YOUR TASK: Using the data that follows, give again word for word the lines between the one holding "Changguo 아동복 소년" and the one holding "Jabra Evolve2 65", inclusive. Omit the pictures.

DATASET RECORDS:
________
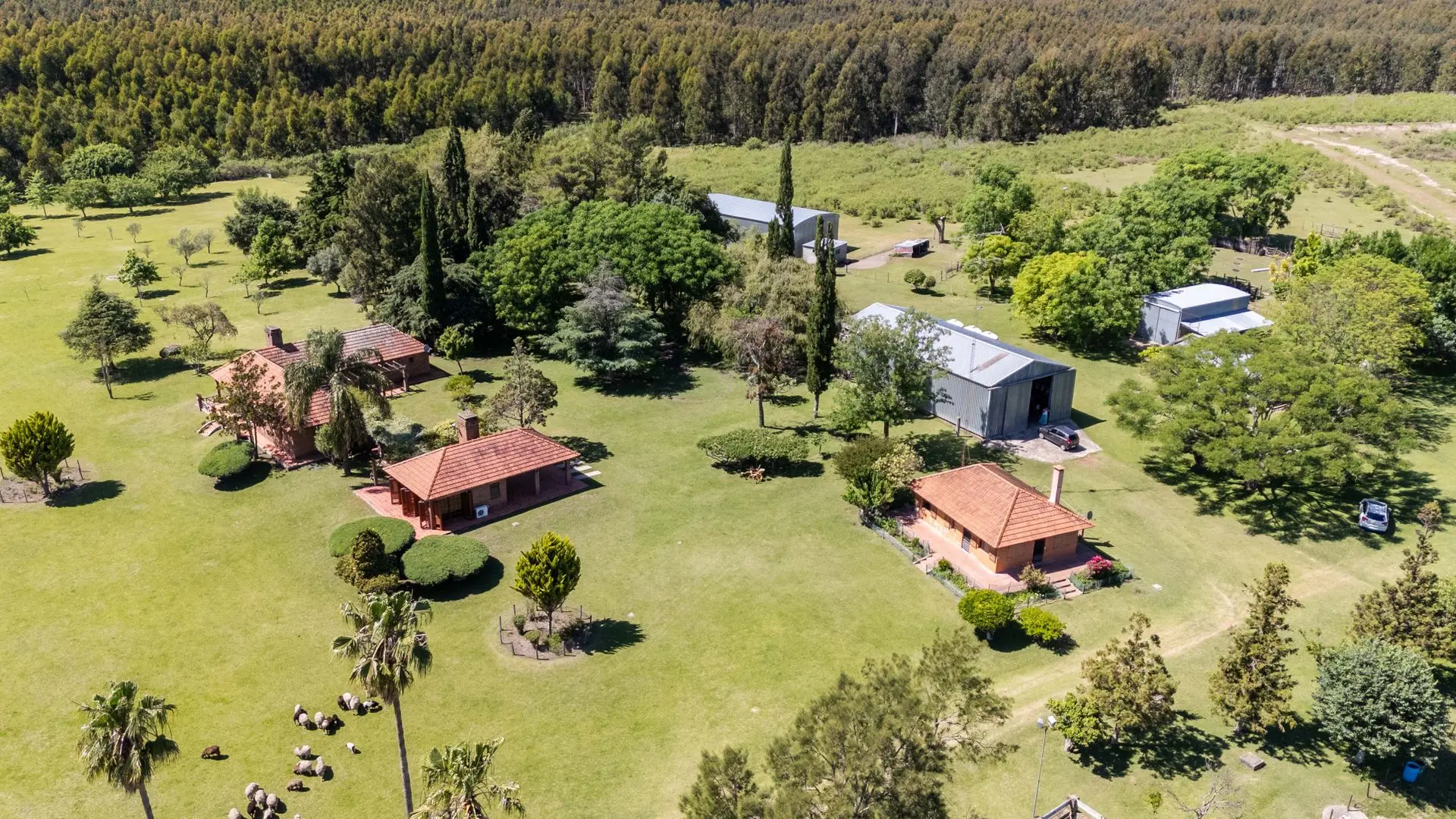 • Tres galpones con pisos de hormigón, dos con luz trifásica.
________
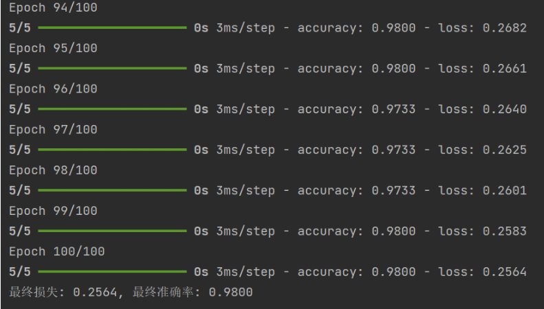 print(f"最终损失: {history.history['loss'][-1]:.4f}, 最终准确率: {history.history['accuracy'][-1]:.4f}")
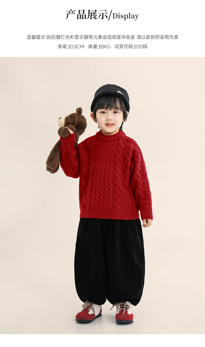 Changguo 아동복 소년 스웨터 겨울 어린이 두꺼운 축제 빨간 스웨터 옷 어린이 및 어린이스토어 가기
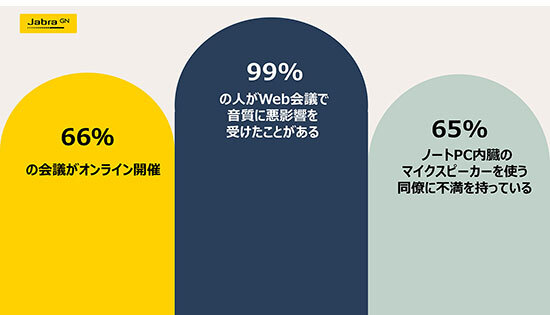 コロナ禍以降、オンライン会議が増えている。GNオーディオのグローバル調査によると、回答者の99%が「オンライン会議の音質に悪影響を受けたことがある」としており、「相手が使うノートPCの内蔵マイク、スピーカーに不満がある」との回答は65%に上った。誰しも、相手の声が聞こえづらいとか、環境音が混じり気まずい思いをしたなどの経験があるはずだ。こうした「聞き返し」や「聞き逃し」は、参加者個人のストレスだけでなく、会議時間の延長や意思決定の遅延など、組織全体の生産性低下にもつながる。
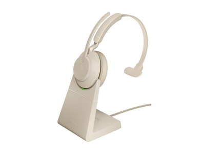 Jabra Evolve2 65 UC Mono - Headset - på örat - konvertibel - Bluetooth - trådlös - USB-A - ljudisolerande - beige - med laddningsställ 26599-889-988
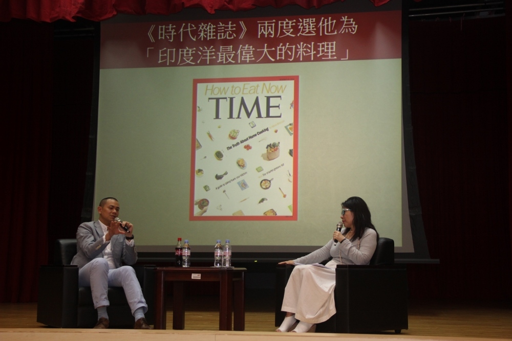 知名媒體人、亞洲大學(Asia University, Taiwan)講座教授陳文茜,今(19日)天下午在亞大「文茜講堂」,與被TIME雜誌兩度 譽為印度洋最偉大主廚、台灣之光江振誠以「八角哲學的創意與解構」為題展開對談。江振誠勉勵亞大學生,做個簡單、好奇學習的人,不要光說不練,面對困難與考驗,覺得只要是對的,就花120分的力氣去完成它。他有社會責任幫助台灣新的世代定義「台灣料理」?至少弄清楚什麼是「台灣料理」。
________
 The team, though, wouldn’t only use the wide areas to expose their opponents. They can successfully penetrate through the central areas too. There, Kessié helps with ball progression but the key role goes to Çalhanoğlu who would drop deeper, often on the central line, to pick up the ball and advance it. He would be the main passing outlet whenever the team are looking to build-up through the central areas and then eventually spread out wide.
________
ANSWER FOR THE TASK:
 Changguo 아동복 소년 스웨터 겨울 어린이 두꺼운 축제 빨간 스웨터 옷 어린이 및 어린이스토어 가기
 コロナ禍以降、オンライン会議が増えている。GNオーディオのグローバル調査によると、回答者の99%が「オンライン会議の音質に悪影響を受けたことがある」としており、「相手が使うノートPCの内蔵マイク、スピーカーに不満がある」との回答は65%に上った。誰しも、相手の声が聞こえづらいとか、環境音が混じり気まずい思いをしたなどの経験があるはずだ。こうした「聞き返し」や「聞き逃し」は、参加者個人のストレスだけでなく、会議時間の延長や意思決定の遅延など、組織全体の生産性低下にもつながる。
 Jabra Evolve2 65 UC Mono - Headset - på örat - konvertibel - Bluetooth - trådlös - USB-A - ljudisolerande - beige - med laddningsställ 26599-889-988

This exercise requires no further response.